O poder mais próximo
A Madeira, assim como o resto do país, está à beira de um novo ciclo político.
Ainda a vivermos o rescaldo das eleições legislativas nacionais, e com uma grande mediatização das eleições presidenciais do próximo ano, as eleições autárquicas começam a adquirir protagonismo, mais do que justificado e talvez até algo tardio.
Efetivamente, as eleições autárquicas de 2025 não são apenas mais uma volta do calendário democrático, são, isso sim, mais uma oportunidade de se colocar em prática uma nova forma de fazer política. Uma política com proximidade, com transparência, com sentido de missão e, sobretudo, com respostas reais a problemas reais. E se é verdade que os autarcas não têm todas as respostas e soluções, também é verdade que são o primeiro elo de ligação entre o poder e os cidadãos.
Num caminho de proximidade, elemento primordial no processo autárquico, as pessoas querem que lhes batam à porta, mas não só na campanha, em vésperas das eleições, mas em muitos outros dias do ano. Porque o dia a dia das pessoas, mais do que feito de grandes investimentos ou eventos, faz-se, entre muitos outros, do passeio reparado, da recolha atempada do lixo, do apoio a idosos isolados, da aposta no comércio local.
Os eleitores reveem-se em pessoas com raízes na comunidade. Velhas ou novas vozes que se sentam nos cafés não para pedir votos, mas para escutar e entender os problemas. E quando os eleitores depositam o seu voto nas urnas, para a sua freguesia, para o seu concelho, estão a dar um sinal inequívoco de confiança e de esperança de que os seus problemas serão resolvidos e os seus pedidos atendidos. Estão a devolver às autarquias o seu papel transformador, mas que só se alcança se os projetos apresentados tiverem a sua raiz nas necessidades e aspirações das pessoas. Não se compadece com políticas e políticos distantes ou soluções padronizadas.
Governar localmente exige conhecer, escutar e agir. É um trabalho diário, extenuante, mas imprescindível, de contacto com todas as forças vivas da comunidade, em que é premente sair dos gabinetes e ir ao encontro de quem sustenta a vida comunitária com o seu trabalho, muitas vezes invisível, mas que tece a rede que ampara tanta e tanta gente.
Não nos podemos esquecer: o poder local é onde tudo começa. É ali que se decide, muitas vezes, se uma família resiste ou desiste. Se uma freguesia cresce ou morre. Se o futuro é construído, ou se ficamos reféns do passado.

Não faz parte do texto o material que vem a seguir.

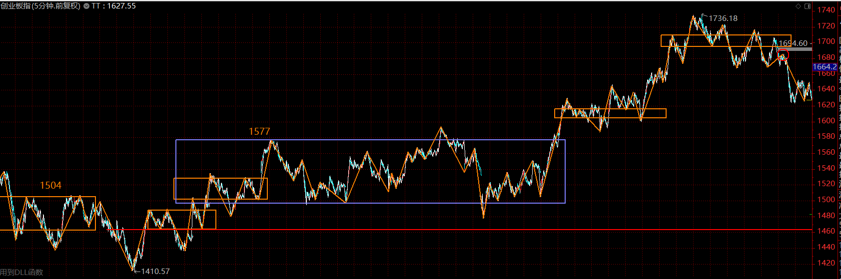 本轮行情的领先指数——创业板指数仍旧为多头排列,目前同样进入了五分钟下跌趋势第二个中枢的构建过程,可依托1600-1620区域展开布局。
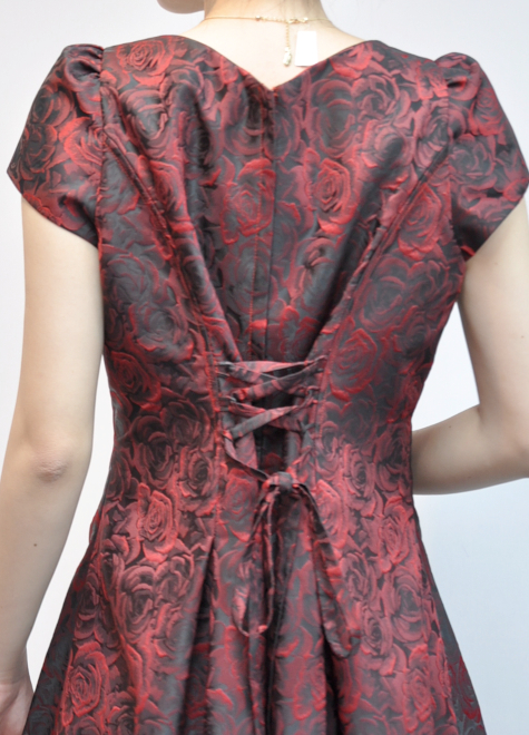 ブラックの生地に敷きつめられた、薔薇のデザインがとても印象的です。
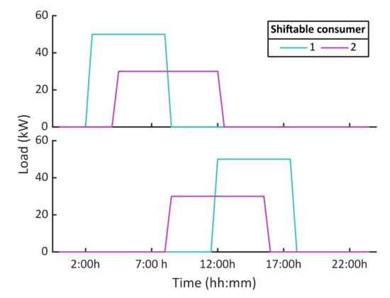 On the other hand, and with the aim of completing the analysis, it has been also considered the case in which the shiftable loads could not be operated in a flexible manner. In such a case, it is assumed that these consumers desire to start their operation at the first slot of the allowable time window, which is ensured by the model (18)–(20).
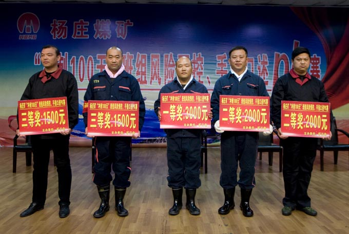 最后,淮北礦業(yè)工會(huì)領(lǐng)導(dǎo)和該礦礦長(zhǎng)李遵明、礦黨委書(shū)記楊朝風(fēng)為分獲一、二、三等獎(jiǎng)的班組頒了獎(jiǎng)。
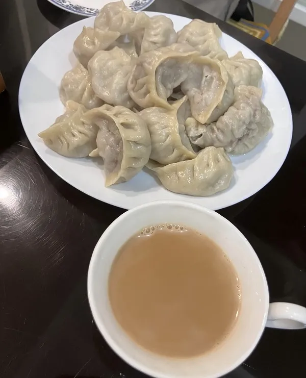 ▲Momo (yak dumplings) with traditional Tibetan butter tea
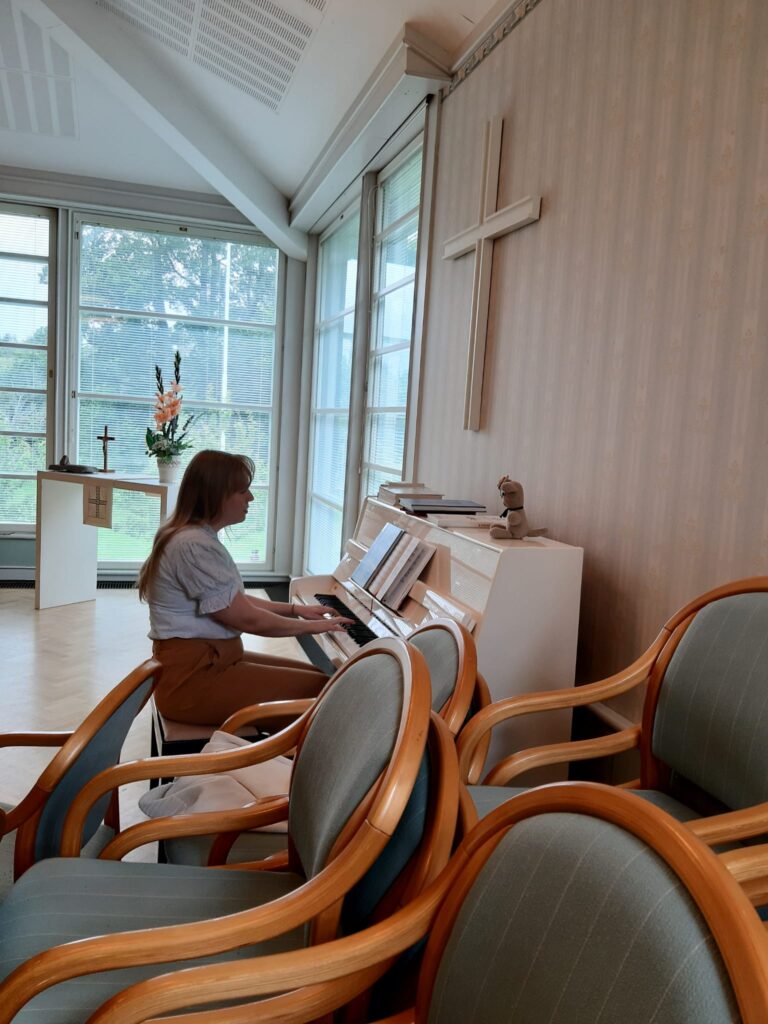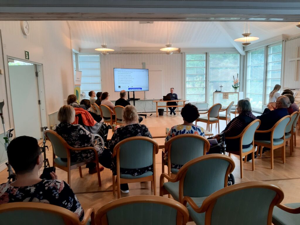 Satakunnan yhdistys vieraili Junnilan leirikeskuksella. Ensimmäinen kuva on Junnilan ankkalammelta. Toisessa kuvassa lauluhetkeä säestää Sara Pessinen. Kolmannessa kuvassa Markku Jantunen ja seurakunnan ohjaaja Minna Aro kokeilevat uudenlaisia apuvälineitä.
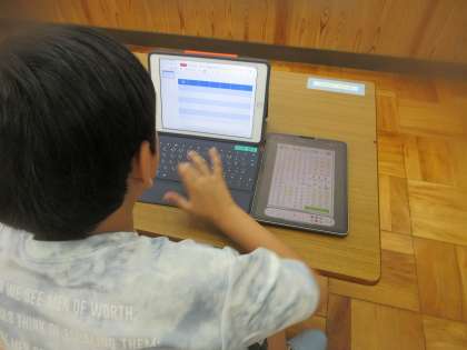 カレンダーをタブレットで作りました。キーボードを操作しながら,行事や日にち,曜日を入れていきました。時間はかかるものの丁寧に作っていました。
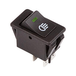 Выключатель клавишный 12V 35А (4с) ON-OFF с зеленой подсветкой предназначен для коммутации электрических цепей напряжением 12В. Такой клавишный переключатель применяются в качестве комплектующих изделий автотранспортного электрооборудования (в легковых и грузовых автомобилях, автобусах и других транспортных средствах). Клавиша включения внешнего освещения имеет два положения и подсветку. Принцип действия основан на перемещении клавиши в одну из позиций. Для переключения в нужное положение требуется приложить некоторые усилия на клавишу. Монтаж осуществляется без применения винтов на плоских панелях толщиной от 0.8мм до 3мм. Подключение клавиши осуществляется с помощью плоских клемм или пайкой контактов.Основные характеристики:Номинальное напряжение: 12В;Номинальный ток: 35A (12DC);Тип переключения: ON-OFF;Количество контактных групп: 2;Количество контактов в контактной группе: 2;Фиксация положений: да;Индикатор коммутационных положений: зеленый;Рабочая температура: от -25℃ до +85℃;Ресурс: 10 000 циклов.

Contudo, o poder local na nossa Região muitas vezes é tratado como um prolongamento do poder regional, com as autarquias subjugadas às lógicas partidárias e dependentes de vontades com origem, muitas vezes, de fora do concelho. Essa subordinação, subtil ou explícita, põe em causa e limita a capacidade transformadora e mobilizadora dos municípios e das freguesias.
A política local não pode continuar a ser refém do favor, do medo ou da resignação. Tem de ser espaço de criatividade, justiça, progresso e renovação. E quando se fala de renovação, não é só em termos geracionais. É, essencialmente, uma mudança estrutural, com uma outra e melhor ética, verdade e postura perante a população.
A Autonomia, que tão orgulhosamente proclamamos, não pode ser apenas uma bandeira agitada nas festas ou uma proclamação retórica em dia de sessão solene. O poder local é, ou deve ser, um ato de emancipação, de construção coletiva, com rosto humano e voz própria. Que deve ser valorizado e acarinhado.
Neste campo, destaco a declaração do Presidente do Governo Regional, Miguel Albuquerque, na semana passada, em que, referindo-se a um autarca em fim de mandato, assegurou, e passo a citar: “Há uma coisa que eu não faço: as pessoas que trabalharam bem para a Região e para o partido não são descartáveis”. Uma frase que, estou certa, deixará mais do que um a pensar… eu, confesso que fiquei surpreendida.
Este é o tempo de devolver ao poder local a sua nobreza original, pelo que a escolha dos presidentes e respetivas equipas deve ser bem ponderada, alicerçada em características como conhecimento da realidade local, proximidade e boa imagem junto da população, capacidade de liderança, cooperação e gestão, e, num mundo cada vez mais dominado pela rapidez de transmissão de informação, revela-se também fulcral ter competências em termos da capacidade de comunicar de forma clara, empática e acessível.
Para além das competências pessoais, profissionais e políticas, os autarcas devem também apostar em políticas públicas feitas com rigor, proximidade e ambição. Que pensem o território como um bem comum, e não como um mapa de influências. Que apostem na sustentabilidade, na economia local, na inclusão social. Que devolvam aos munícipes a palavra e o poder.
Em Portugal, já no tempo da democracia, as primeiras eleições autárquicas realizaram-se a 12 de dezembro de 1976. Quase 50 anos depois, não podem ser encaradas como uma eleição menor. Muito pelo contrário, representam a mais próxima de todas as eleições e, por isso, a mais significativa.
Mais do que nunca, a mudança tem de começar no sítio onde vivemos. No nosso lugar. No nosso concelho. Será, se assim o quisermos, o início de um novo tempo.